### What is needed
Write out, word for word, every line in the data below from the one containing "Sous ses couches" to the one containing "This upscale channel-back", both of them included.

### Data
───
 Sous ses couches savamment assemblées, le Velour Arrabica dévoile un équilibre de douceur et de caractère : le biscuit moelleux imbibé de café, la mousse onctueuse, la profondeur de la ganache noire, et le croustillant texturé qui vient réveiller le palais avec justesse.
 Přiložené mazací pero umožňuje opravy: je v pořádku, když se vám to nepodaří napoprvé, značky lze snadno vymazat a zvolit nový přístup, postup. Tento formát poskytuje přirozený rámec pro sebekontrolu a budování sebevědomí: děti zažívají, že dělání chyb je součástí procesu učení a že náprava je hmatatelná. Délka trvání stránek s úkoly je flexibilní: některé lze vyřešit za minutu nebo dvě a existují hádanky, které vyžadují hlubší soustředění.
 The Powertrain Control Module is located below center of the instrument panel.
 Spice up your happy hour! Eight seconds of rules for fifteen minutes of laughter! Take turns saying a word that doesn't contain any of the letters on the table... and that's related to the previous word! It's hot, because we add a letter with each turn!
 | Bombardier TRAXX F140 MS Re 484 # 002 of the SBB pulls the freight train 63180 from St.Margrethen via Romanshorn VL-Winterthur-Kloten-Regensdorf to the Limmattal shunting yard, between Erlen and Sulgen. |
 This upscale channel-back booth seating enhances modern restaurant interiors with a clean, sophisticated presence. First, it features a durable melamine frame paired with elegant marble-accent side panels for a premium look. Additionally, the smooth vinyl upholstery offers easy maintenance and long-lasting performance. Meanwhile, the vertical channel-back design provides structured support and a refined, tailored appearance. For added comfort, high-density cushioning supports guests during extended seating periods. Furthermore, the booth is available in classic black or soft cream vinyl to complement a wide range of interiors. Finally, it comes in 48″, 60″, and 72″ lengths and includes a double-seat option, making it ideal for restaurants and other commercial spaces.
───
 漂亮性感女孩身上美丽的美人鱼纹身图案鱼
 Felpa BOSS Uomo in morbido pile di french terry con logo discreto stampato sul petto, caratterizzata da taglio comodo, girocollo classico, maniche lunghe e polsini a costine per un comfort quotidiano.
───
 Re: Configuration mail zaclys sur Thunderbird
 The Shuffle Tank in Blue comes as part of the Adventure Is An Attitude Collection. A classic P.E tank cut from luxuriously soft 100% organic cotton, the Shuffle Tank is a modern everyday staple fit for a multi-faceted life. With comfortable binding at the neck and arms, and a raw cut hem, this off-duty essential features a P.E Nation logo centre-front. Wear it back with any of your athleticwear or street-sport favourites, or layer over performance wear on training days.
───
### Written answer
 Sous ses couches savamment assemblées, le Velour Arrabica dévoile un équilibre de douceur et de caractère : le biscuit moelleux imbibé de café, la mousse onctueuse, la profondeur de la ganache noire, et le croustillant texturé qui vient réveiller le palais avec justesse.
 Přiložené mazací pero umožňuje opravy: je v pořádku, když se vám to nepodaří napoprvé, značky lze snadno vymazat a zvolit nový přístup, postup. Tento formát poskytuje přirozený rámec pro sebekontrolu a budování sebevědomí: děti zažívají, že dělání chyb je součástí procesu učení a že náprava je hmatatelná. Délka trvání stránek s úkoly je flexibilní: některé lze vyřešit za minutu nebo dvě a existují hádanky, které vyžadují hlubší soustředění.
 The Powertrain Control Module is located below center of the instrument panel.
 Spice up your happy hour! Eight seconds of rules for fifteen minutes of laughter! Take turns saying a word that doesn't contain any of the letters on the table... and that's related to the previous word! It's hot, because we add a letter with each turn!
 | Bombardier TRAXX F140 MS Re 484 # 002 of the SBB pulls the freight train 63180 from St.Margrethen via Romanshorn VL-Winterthur-Kloten-Regensdorf to the Limmattal shunting yard, between Erlen and Sulgen. |
 This upscale channel-back booth seating enhances modern restaurant interiors with a clean, sophisticated presence. First, it features a durable melamine frame paired with elegant marble-accent side panels for a premium look. Additionally, the smooth vinyl upholstery offers easy maintenance and long-lasting performance. Meanwhile, the vertical channel-back design provides structured support and a refined, tailored appearance. For added comfort, high-density cushioning supports guests during extended seating periods. Furthermore, the booth is available in classic black or soft cream vinyl to complement a wide range of interiors. Finally, it comes in 48″, 60″, and 72″ lengths and includes a double-seat option, making it ideal for restaurants and other commercial spaces.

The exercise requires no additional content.